特別受益には時効がありません。何年前、何十年前に行われた贈与であっても、さかのぼって相続財産に含めることができます。
ただし前述した通り、遺留分の算定の際に考慮すべき特別受益は、相続開始前10年以内のものです。
生前に多くの贈与を受けていた場合などでは、特別受益の持ち戻しを行うことで相続分がマイナスになる可能性が生じます。
この場合、新たに遺産を相続することはできませんが、特別受益に当たる贈与分を返す必要はありません。
ただし、特別受益が原因で他の相続人の遺留分を侵害していた場合には、遺留分侵害額請求によって金銭の支払い義務を負う可能性は否めません。
特別受益の持ち戻しまとめ
生前贈与や遺贈による遺産分割の不公平を解消しようというのが「特別受益の持ち戻し」という制度であり、考え方は極めてシンプルです。

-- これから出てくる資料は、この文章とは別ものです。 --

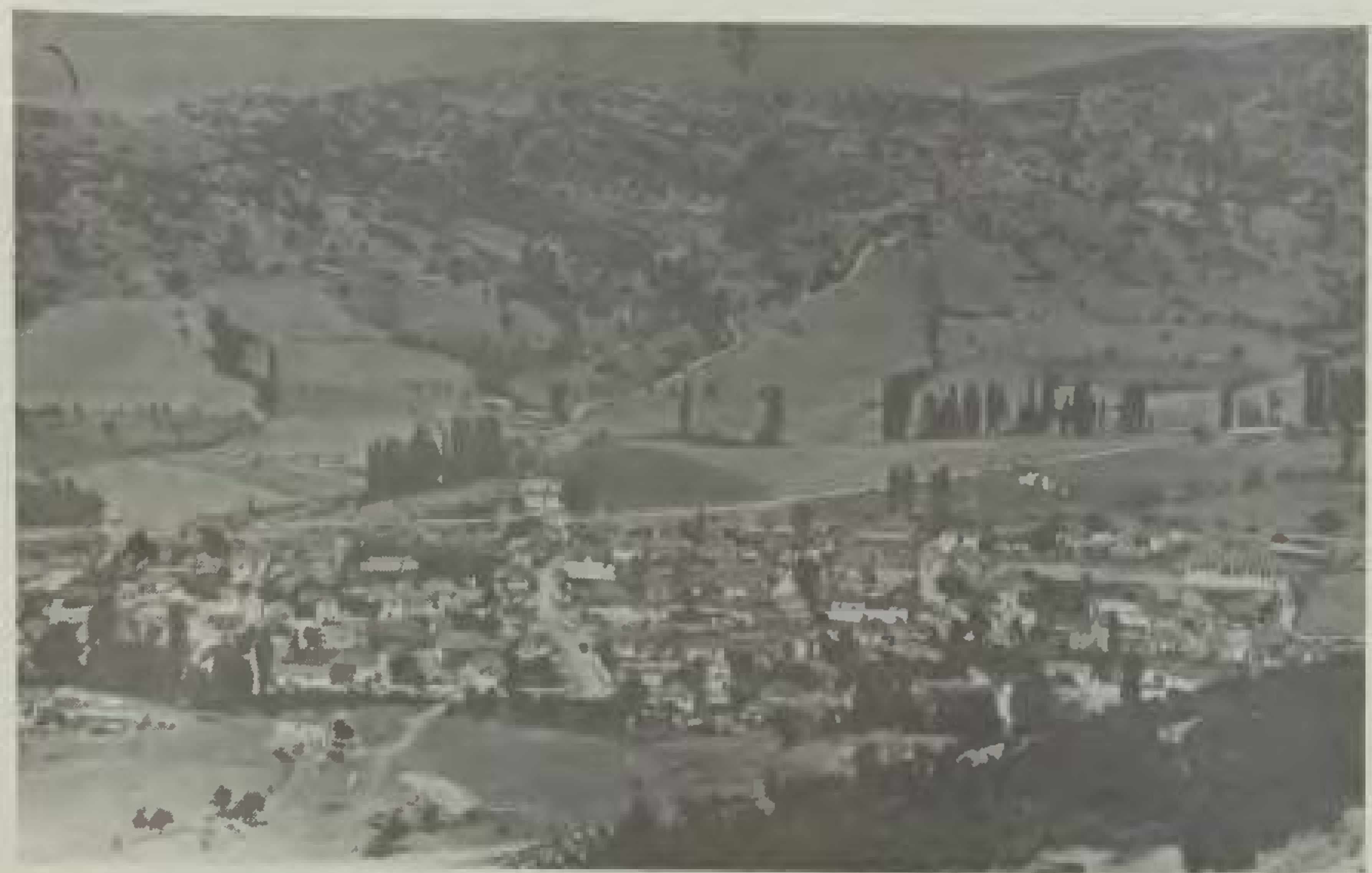
Τα Καλύβια σήμερα (φωτ. του 1984)

しかし、どのような贈与が特別受益に当たるか否かはすべてに明確に基準があるわけではなく、個別に判断が必要となるケースも少なくないでしょう。
相続人全員が持ち戻しに納得すれば良いですが、そこで争いが生じる可能性も否めません。
円滑に遺産分割を進めるためにも、弁護士などの専門家に相談することをおすすめします。